== AIM OF THE TASK ==
Drop every image, then reproduce the data exactly as given.

== DATASET EXCERPT ==
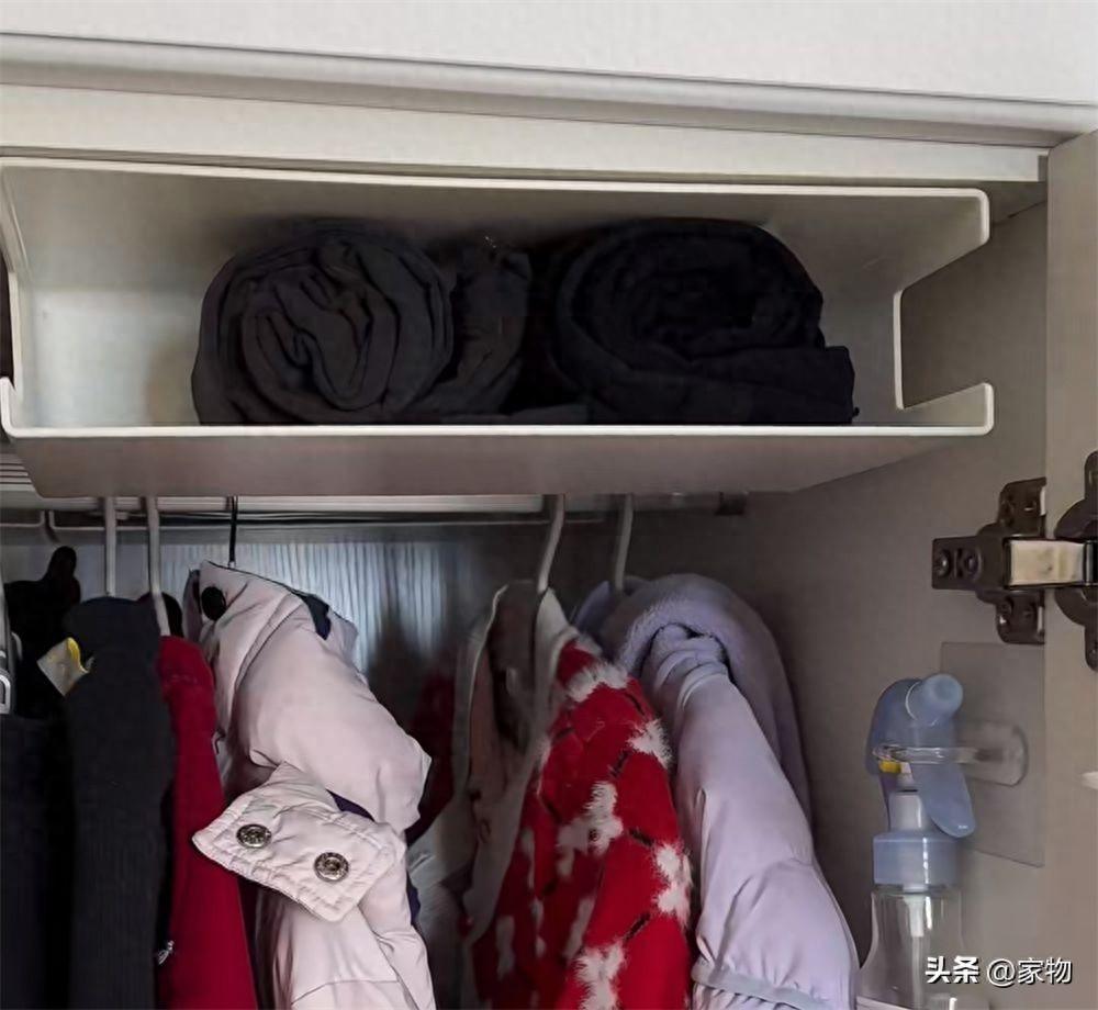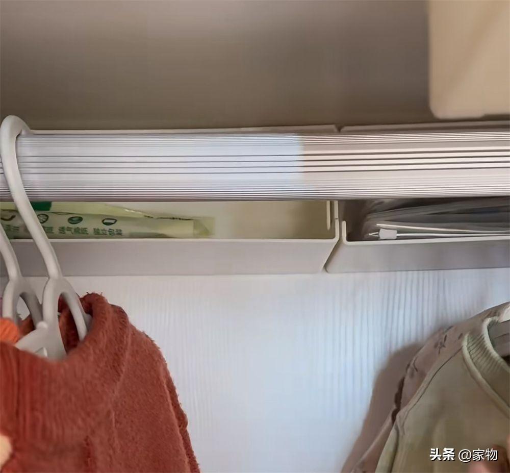掛杆後面的收納盒,則放一些不常拿取的物件,比如家裏的各種證件、香薰樟腦丸一類的物品,完全是利用冗餘雞肋空間進行收納,既省地兒,拿取起來又非常方便。
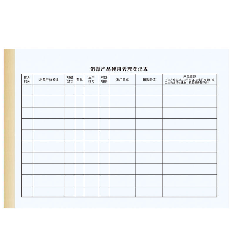 Disinfection products use management registration form medical institutions purchase acceptance ledger outpatient work log shop records
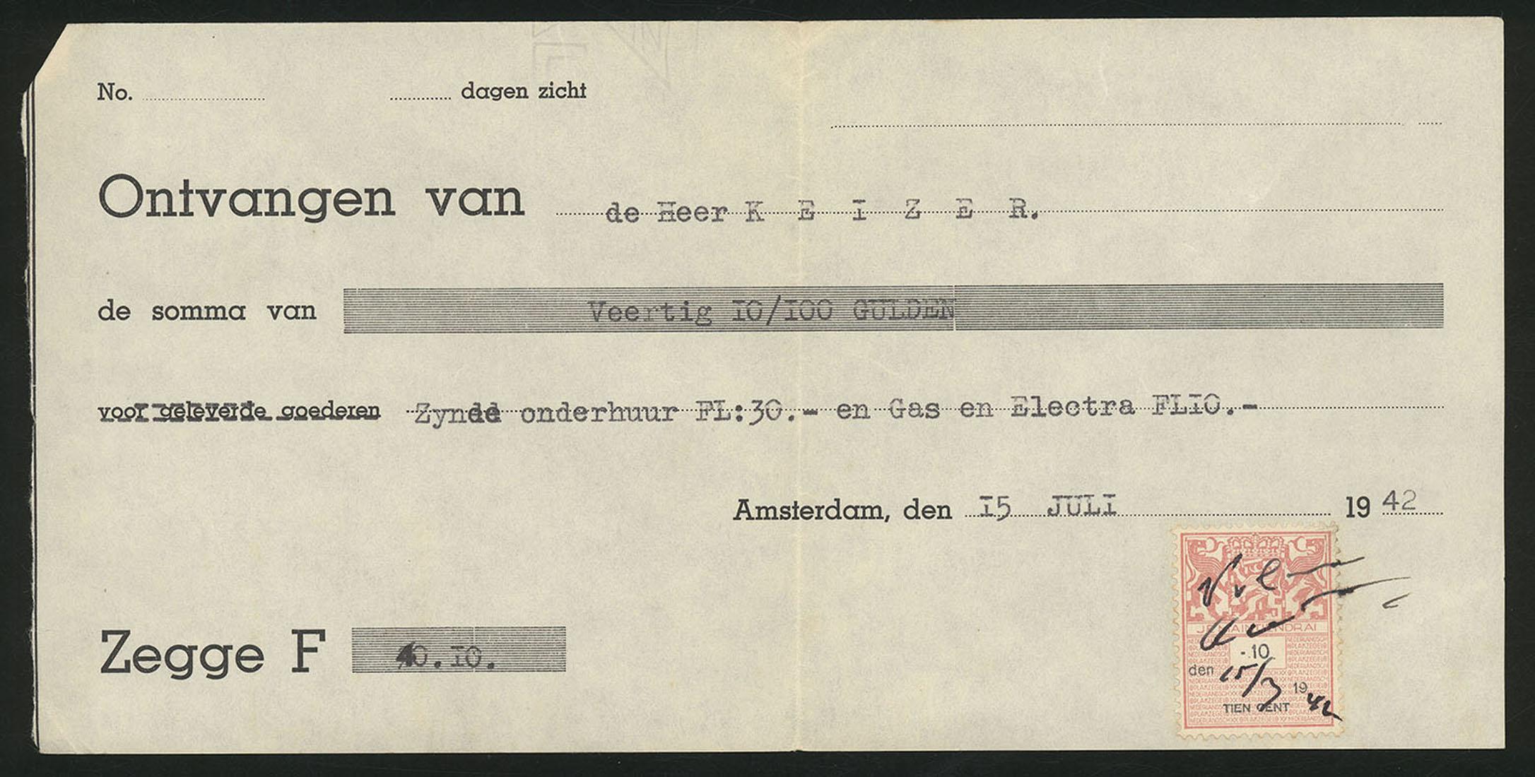 Ontvangstbewijzen (2) ten name van de heer B. Keijzer over betaling van onderhuur en gas en elektra in Amsterdam, 1942
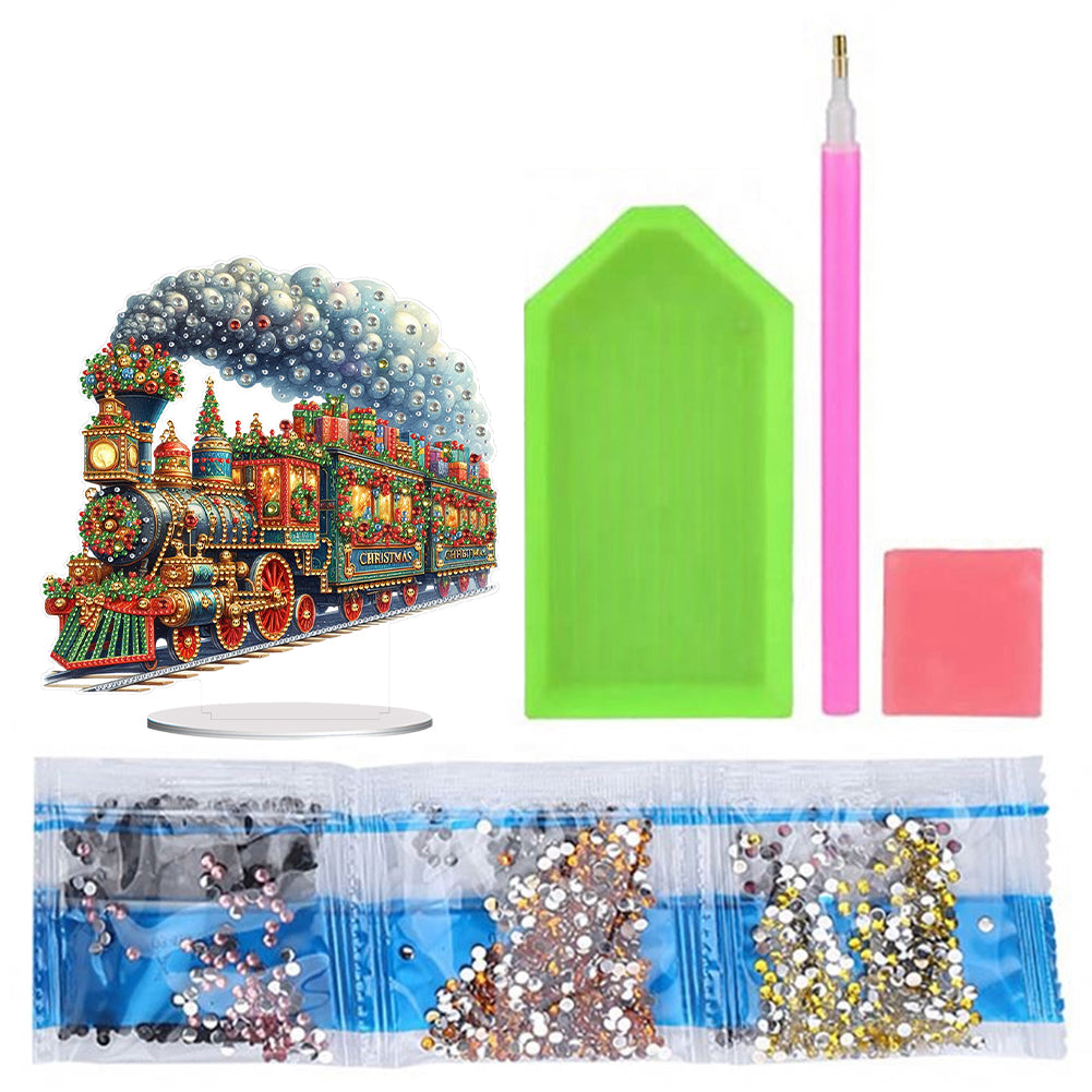 Acrylic Special Shape Christmas Train Diamond Painting Tabletop Ornaments Kit Rhinestones Desktop Ornaments Bedroom Table Decor

== RESULT ==
掛杆後面的收納盒,則放一些不常拿取的物件,比如家裏的各種證件、香薰樟腦丸一類的物品,完全是利用冗餘雞肋空間進行收納,既省地兒,拿取起來又非常方便。
 Disinfection products use management registration form medical institutions purchase acceptance ledger outpatient work log shop records
 Ontvangstbewijzen (2) ten name van de heer B. Keijzer over betaling van onderhuur en gas en elektra in Amsterdam, 1942
 Acrylic Special Shape Christmas Train Diamond Painting Tabletop Ornaments Kit Rhinestones Desktop Ornaments Bedroom Table Decor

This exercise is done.